Slow Road to Recovery

For kitchen and bath design professionals, the past 24 months have certainly been a test. Ongoing news reports of foreclosures, rising unemployment rates, decreased consumer confidence and plummeting home prices have created a climate of carefully controlled purse strings, with product shipments down significantly and a great deal of discretionary spending on hold.

As a result, kitchen/bath dealers and designers have seen markedly decreased traffic, fewer leads, longer lead-to-close times, smaller-ticket jobs – often at lower profit margins – and greater competition for customers.

However, there are now some encouraging signs that not only may the worst be over, but that there’s legitimate reason for long-term optimism (see Editorial).

Total housing starts, which descended to historic lows in 2009, are expected to post a modest increase in this year due to a rise in the production of single-family units. While a sustained recovery for housing is expected to accelerate into 2011, as illustrated by the graphic above, the road back to 2006 levels will be long, based on the steepness of the 2007-’09 decline.

According to Don Sciolaro, CEO of the Hackettstown, NJ-based National Kitchen & Bath Association (NKBA), economic indicators and many top analysts contend “that the recession is over – that most markets already bottomed out and are beginning a slow recovery.

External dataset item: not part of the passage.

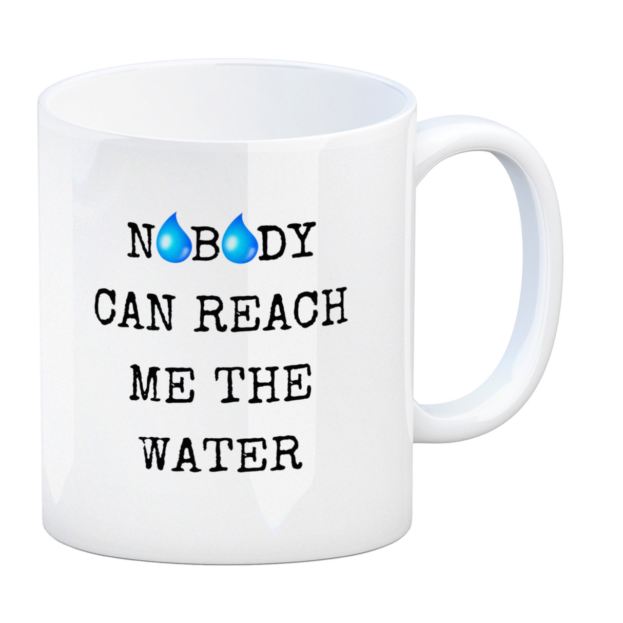 Denglisch Kaffeebecher mit Spruch - Nobody can reach me the water - Weiß ist auf Lager und wird versandt, sobald es wieder verfügbar ist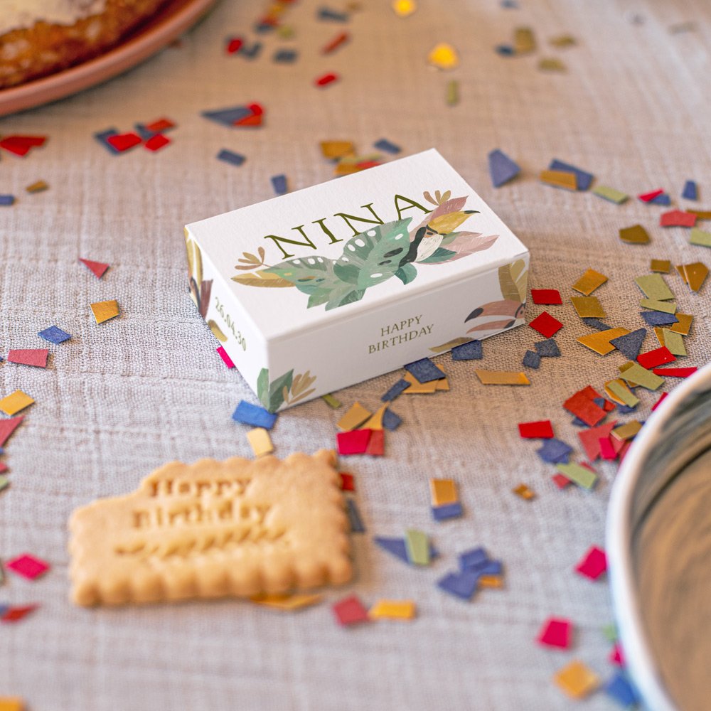 Het koekjesdoosje is speciaal ontworpen en gemaakt om jullie mini gasten te te verrassen met een smakelijk traktatie! Personaliseer het doosje met een lief berichtje, foto of naam van je kind. In 1 doosje kunnen 3 of 4 koekjes, afhangend van de dikte van het koekje.Vind hier het recept voor de koekjes, door onze chef Isa!

So, the question now isn’t whether things will get worse,” he says, “but how quickly they’ll recover.”

The extension of the $8,000 first-time home buyer tax credit, signed into law recently, is expected to have a substantial stimulative effect on home sales, and should assist the nation’s housing market on the road to recovery, according to the Washington, DC-based National Association of Home Builders.

The home-buyer incentive extension should boost both housing production and home sales in 2010, according to David Crowe, chief economist for the NAHB. Crowe notes that the latest permit patterns indicate that builders “are preparing for the possibility of more favorable housing market conditions in the future.”